A meeting of the ministers of defence and army chiefs from the CEPGL member states of Burundi, DR Congo and Rwanda, in Kigali, last week, concluded that a new armed group had been created in DR Congo’s North Kivu province to destabilize Rwanda and the wider region.
The outfit, was created by Rwandan fugitives Kayumba Nyamwasa and Patrick Karegeya, who, along with Theogene Rudasingwa and Gerald Gahima, were convicted and sentenced for, among others, forming a terrorist group, threatening state security, undermining public order and promoting ethnic divisions.

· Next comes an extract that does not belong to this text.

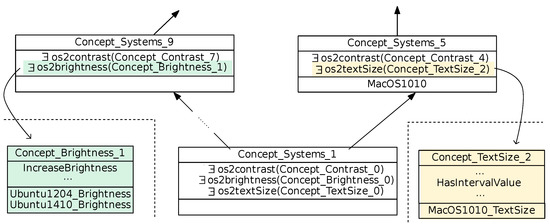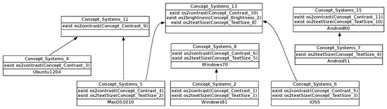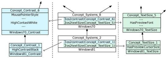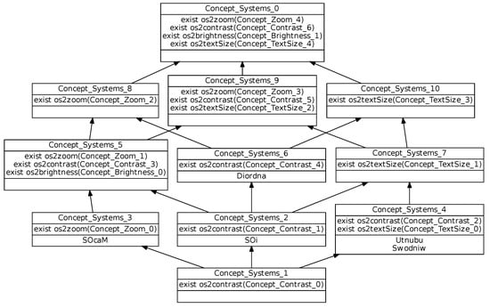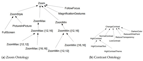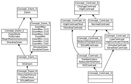 We switch to a fictitious smallest example, inspired by the real systems. This example allows us to illustrate all possible situations a conceptual structure may contain. We consider 5 fictitious operating systems: , , , , and . Figure 6 shows the parts of the ontology for 2 mechanisms (zoom, contrast) out of 4 (additionally including brightness and text style mechanisms). The whole example is available online (https://gite.lirmm.fr/AccessibiliteNumerique/osvisualaccessibilityoptions, accessed on 1 September 2021).

Reports of these fugitives engaging in violent activities, intended to reverse the tremendous gains made by the Rwandan people and their neighbours across the region are not new. Last year, a UN Security Council Group of Experts’ report revealed that both Kayumba and Karegyeya have established strong links with the FDLR terrorist organization and were involved with armed groups in the DRC. These accounts were later corroborated by various senior officers of the Democratic Forces for the Liberation of Rwanda (FDLR).

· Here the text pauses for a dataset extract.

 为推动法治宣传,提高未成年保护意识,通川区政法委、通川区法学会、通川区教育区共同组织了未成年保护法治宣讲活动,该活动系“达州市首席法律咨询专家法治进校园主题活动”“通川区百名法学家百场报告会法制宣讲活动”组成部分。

That in this day and age some individuals and groups are still ganging up to inflict atrocities on innocent people and to use violent means against a democratically elected government is incomprehensive, to say the least. Such illegitimate and violent schemes, whereas they stand no chance to defeat the popular will of the people, have the potential to destabilize the region, through conscription of innocent children in their ranks, killing, raping, maiming and looting.
Once again, we find ourselves in a situation that calls for urgent and concerted efforts from the people and governments of this region. Regional states have a moral and mutual obligation to decisively put an end to such terrorist activities and to bring to book such criminals. The peoples of this region have suffered enough and cannot afford to lose what they have worked so hard to achieve.